= Beginning of Section =
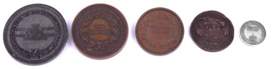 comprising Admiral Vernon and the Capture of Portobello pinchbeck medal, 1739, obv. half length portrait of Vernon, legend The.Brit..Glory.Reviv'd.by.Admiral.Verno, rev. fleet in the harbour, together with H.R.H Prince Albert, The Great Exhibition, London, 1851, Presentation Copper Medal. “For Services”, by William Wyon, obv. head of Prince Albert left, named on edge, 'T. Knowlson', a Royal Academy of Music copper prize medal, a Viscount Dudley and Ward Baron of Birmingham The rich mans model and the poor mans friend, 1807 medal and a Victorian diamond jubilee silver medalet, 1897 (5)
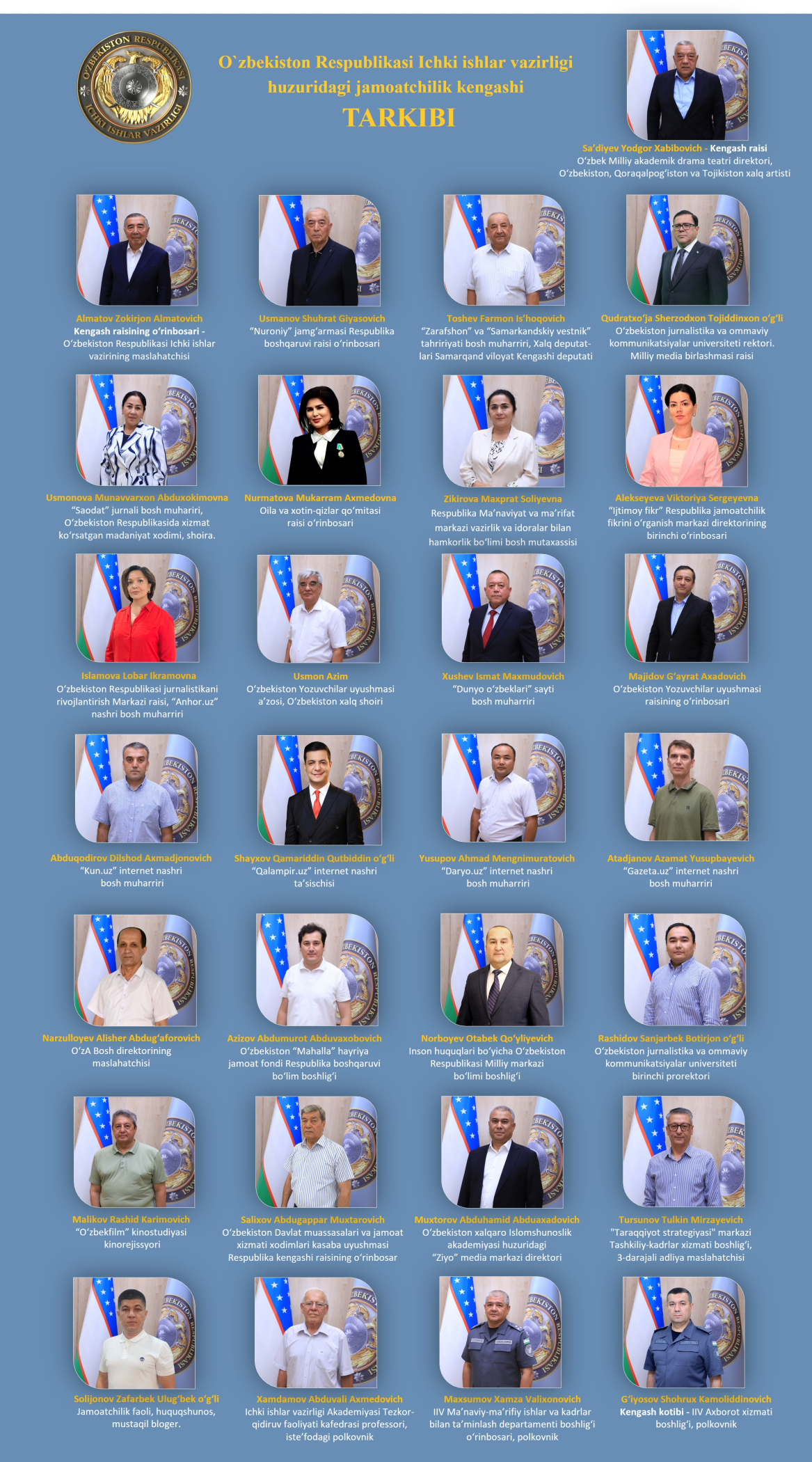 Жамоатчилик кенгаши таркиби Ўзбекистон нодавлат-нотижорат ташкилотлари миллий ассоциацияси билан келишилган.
= End of Section =
= Beginning of Section =
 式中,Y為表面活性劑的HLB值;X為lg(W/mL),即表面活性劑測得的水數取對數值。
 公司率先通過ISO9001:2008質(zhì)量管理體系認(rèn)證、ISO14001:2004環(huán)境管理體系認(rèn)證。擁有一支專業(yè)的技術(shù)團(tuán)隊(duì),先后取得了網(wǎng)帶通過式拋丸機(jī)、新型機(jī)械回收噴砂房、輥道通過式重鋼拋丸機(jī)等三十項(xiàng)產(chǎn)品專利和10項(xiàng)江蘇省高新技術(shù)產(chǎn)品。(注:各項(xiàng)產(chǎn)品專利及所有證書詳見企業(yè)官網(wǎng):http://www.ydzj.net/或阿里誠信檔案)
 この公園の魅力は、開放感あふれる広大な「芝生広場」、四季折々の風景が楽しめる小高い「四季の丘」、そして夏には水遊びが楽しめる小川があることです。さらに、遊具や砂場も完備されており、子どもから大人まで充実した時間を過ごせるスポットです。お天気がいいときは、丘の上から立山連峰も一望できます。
= End of Section =
= Beginning of Section =
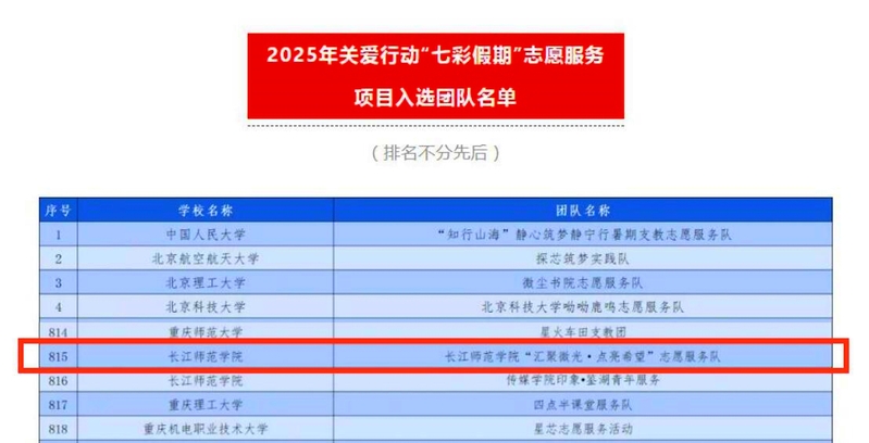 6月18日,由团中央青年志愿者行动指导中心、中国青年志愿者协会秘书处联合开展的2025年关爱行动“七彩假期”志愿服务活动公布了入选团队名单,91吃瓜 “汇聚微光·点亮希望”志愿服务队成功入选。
= End of Section =
Return exactly the part of the listing above that opens with the line containing "comprising Admiral Vernon" and closes with the line containing "Жамоатчилик кенгаши таркиби". Pictures stay out.

 comprising Admiral Vernon and the Capture of Portobello pinchbeck medal, 1739, obv. half length portrait of Vernon, legend The.Brit..Glory.Reviv'd.by.Admiral.Verno, rev. fleet in the harbour, together with H.R.H Prince Albert, The Great Exhibition, London, 1851, Presentation Copper Medal. “For Services”, by William Wyon, obv. head of Prince Albert left, named on edge, 'T. Knowlson', a Royal Academy of Music copper prize medal, a Viscount Dudley and Ward Baron of Birmingham The rich mans model and the poor mans friend, 1807 medal and a Victorian diamond jubilee silver medalet, 1897 (5)
 Жамоатчилик кенгаши таркиби Ўзбекистон нодавлат-нотижорат ташкилотлари миллий ассоциацияси билан келишилган.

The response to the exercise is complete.